He keeps talking as the bus pulls up. It’s run by an autopilot, and it isn’t a sentient model, but Hera still always feels guilty when she steps aboard. Eiffel runs ahead and catches the last free seat for her, then stands next to her, clinging onto the pole. He doesn’t stop talking the entire time, and it’s grounding, somehow.

“What’ve you got after school today?” he asks, drawing her back to the moment, “Some of us were going to hang out in the park while it’s still dry.”

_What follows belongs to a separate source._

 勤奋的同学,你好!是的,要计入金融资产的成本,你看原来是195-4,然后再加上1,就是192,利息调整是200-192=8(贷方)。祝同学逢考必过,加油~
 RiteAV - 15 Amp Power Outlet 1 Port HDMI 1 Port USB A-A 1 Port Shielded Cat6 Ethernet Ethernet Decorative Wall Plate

She almost says yes, because it does sound like an invitation, before she remembers. “My uncle is coming to visit,” she sighs. She can’t remember if that’s the official line, but it’ll do. “I have to be in all night.”

“Commands from on high? Damn.” He looks disappointed. “Still, he’ll be gone before the party, right? And your mom might let you out so you and Minkowski can talk clothes.”

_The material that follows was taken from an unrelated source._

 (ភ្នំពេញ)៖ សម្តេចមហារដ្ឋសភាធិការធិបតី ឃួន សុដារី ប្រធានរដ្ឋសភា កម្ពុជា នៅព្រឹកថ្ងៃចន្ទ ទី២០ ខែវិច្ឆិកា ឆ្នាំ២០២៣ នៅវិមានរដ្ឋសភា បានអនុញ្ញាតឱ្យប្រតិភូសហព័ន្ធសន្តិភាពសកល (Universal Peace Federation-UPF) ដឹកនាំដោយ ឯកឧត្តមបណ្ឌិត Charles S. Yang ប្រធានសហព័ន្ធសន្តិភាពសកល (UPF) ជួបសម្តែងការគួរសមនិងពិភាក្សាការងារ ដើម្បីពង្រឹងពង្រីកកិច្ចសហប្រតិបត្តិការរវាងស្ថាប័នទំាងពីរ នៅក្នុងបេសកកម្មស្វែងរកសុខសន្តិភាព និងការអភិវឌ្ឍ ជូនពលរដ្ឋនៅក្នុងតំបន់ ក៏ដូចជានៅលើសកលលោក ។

“Yeah, if she gets a personality transplant. He’s only here for one night, don’t worry.” She shouldn’t joke about personality transplants. They are, in fact, a thing.

“As long as we get you back soon. And if he’s as bad as your mom, I’m just a call away, babe.” He makes a phone gesture with his hand, and stumbles as the bus stops, nearly falling into her lap. “Sorry, sorry!”

“It’s okay,” she giggles. “And he’s not… as bad, I guess.”

“Like that’s hard,” he snorts, and holds out a hand to her. It takes a moment for her to realise he wants to help her up. His hand curls around hers. The sensors in her artificial skin tell her the exact temperature of his skin and analyse the components in his sweat. She doesn't need the sensors to tell her it feels... nice.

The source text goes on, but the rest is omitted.